Authors:	Matei Ionita
Maintainer:	Matei Ionita <[email protected]>
License:	GPL-3
Version:	1.0.0
Built:	2024-12-20 07:02:28 UTC
Source:	https://github.com/matei-ionita/cleanet

Classify doublets (or multiplets) based on component singlets.

Description

Extends a classification of singlets into a classification of doublets.

Usage

classify_doublets(cleanet_res, singlet_clas, max_multi = 4)
classify_doublets(cleanet_res, singlet_clas, max_multi = 4)

Arguments

`cleanet_res`	The output of a call to the cleanet function.
`singlet_clas`	An array giving a classification of the singlets, whose length must match the number of singlet events returned in cleanet_res.
`max_multi`	The highest cardinality of a multiplet to be considered.

Value

An array with the same length as the number of doublets found in cleanet_res, specifying the composition of each doublet.

Examples

path <- system.file("extdata", "df_mdipa.csv", package="Cleanet")
df_mdipa <- read.csv(path, check.names=FALSE)
cols <- c("CD45", "CD123", "CD19", "CD11c", "CD16",
          "CD56", "CD294", "CD14", "CD3", "CD20",
          "CD66b", "CD38", "HLA-DR", "CD45RA",
          "DNA1", "DNA2")
cleanet_res <- cleanet(df_mdipa, cols, cofactor=5)
singlet_clas <- df_mdipa$label[which(cleanet_res$status!="Doublet")]
doublet_clas <- classify_doublets(cleanet_res, singlet_clas)
path <- system.file("extdata", "df_mdipa.csv", package="Cleanet")
df_mdipa <- read.csv(path, check.names=FALSE)
cols <- c("CD45", "CD123", "CD19", "CD11c", "CD16",
          "CD56", "CD294", "CD14", "CD3", "CD20",
          "CD66b", "CD38", "HLA-DR", "CD45RA",
          "DNA1", "DNA2")
cleanet_res <- cleanet(df_mdipa, cols, cofactor=5)
singlet_clas <- df_mdipa$label[which(cleanet_res$status!="Doublet")]
doublet_clas <- classify_doublets(cleanet_res, singlet_clas)

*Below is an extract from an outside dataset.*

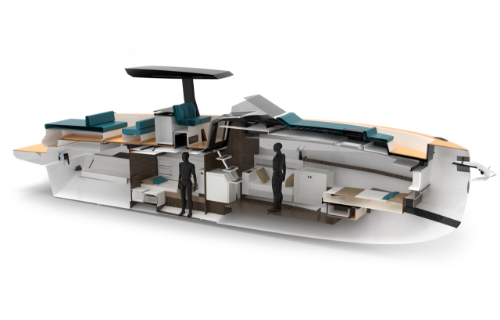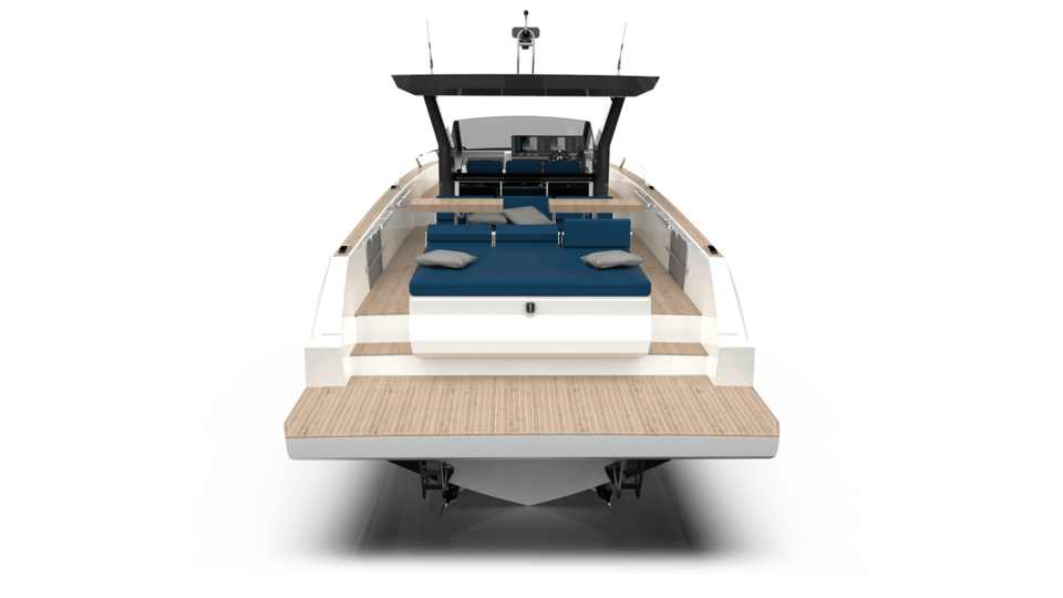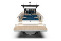 Featuring a double access to the cockpit, its 60 cm long aft platform can be extended up to 120 cm. The electro-hydraulic transforming bathing platform allows easy access to the water for leisure activities, connecting life on board with the sea.

Detect doublets in a single cytometry sample

Description

Augments data with simulated doublets, computes nearest neighbors for augmented dataset, identifies doublets as those events with a high share of simulated doublets among nearest neighbors.

Usage

cleanet(df, cols, cofactor, thresh = 5, is_debris = NULL)
cleanet(df, cols, cofactor, thresh = 5, is_debris = NULL)

Arguments

`df`	A data frame containing protein expression data.
`cols`	Columns to use in analysis.
`cofactor`	Parameter of arcsinh transformation, applied before computing nearest neighbors. Recommended values are 5 for mass cytometry and 500-1000 for flow cytometry.
`thresh`	Among the 15 nearest neighbors, how many should be simulated doublets in order for the event to be classified as doublet?
`is_debris`	Optional, binary array with length matching the number of rows in df. TRUE for debris events, FALSE for everything else. This package includes helper functions to compute this for flow or mass cytometry data.

Value

A list with multiple elements, among them the singlet/doublet status of each event.

Examples

path <- system.file("extdata", "df_mdipa.csv", package="Cleanet")
df_mdipa <- read.csv(path, check.names=FALSE)
cols <- c("CD45", "CD123", "CD19", "CD11c", "CD16",
          "CD56", "CD294", "CD14", "CD3", "CD20",
          "CD66b", "CD38", "HLA-DR", "CD45RA",
          "DNA1", "DNA2")
cleanet_res <- cleanet(df_mdipa, cols, cofactor=5)
path <- system.file("extdata", "df_mdipa.csv", package="Cleanet")
df_mdipa <- read.csv(path, check.names=FALSE)
cols <- c("CD45", "CD123", "CD19", "CD11c", "CD16",
          "CD56", "CD294", "CD14", "CD3", "CD20",
          "CD66b", "CD38", "HLA-DR", "CD45RA",
          "DNA1", "DNA2")
cleanet_res <- cleanet(df_mdipa, cols, cofactor=5)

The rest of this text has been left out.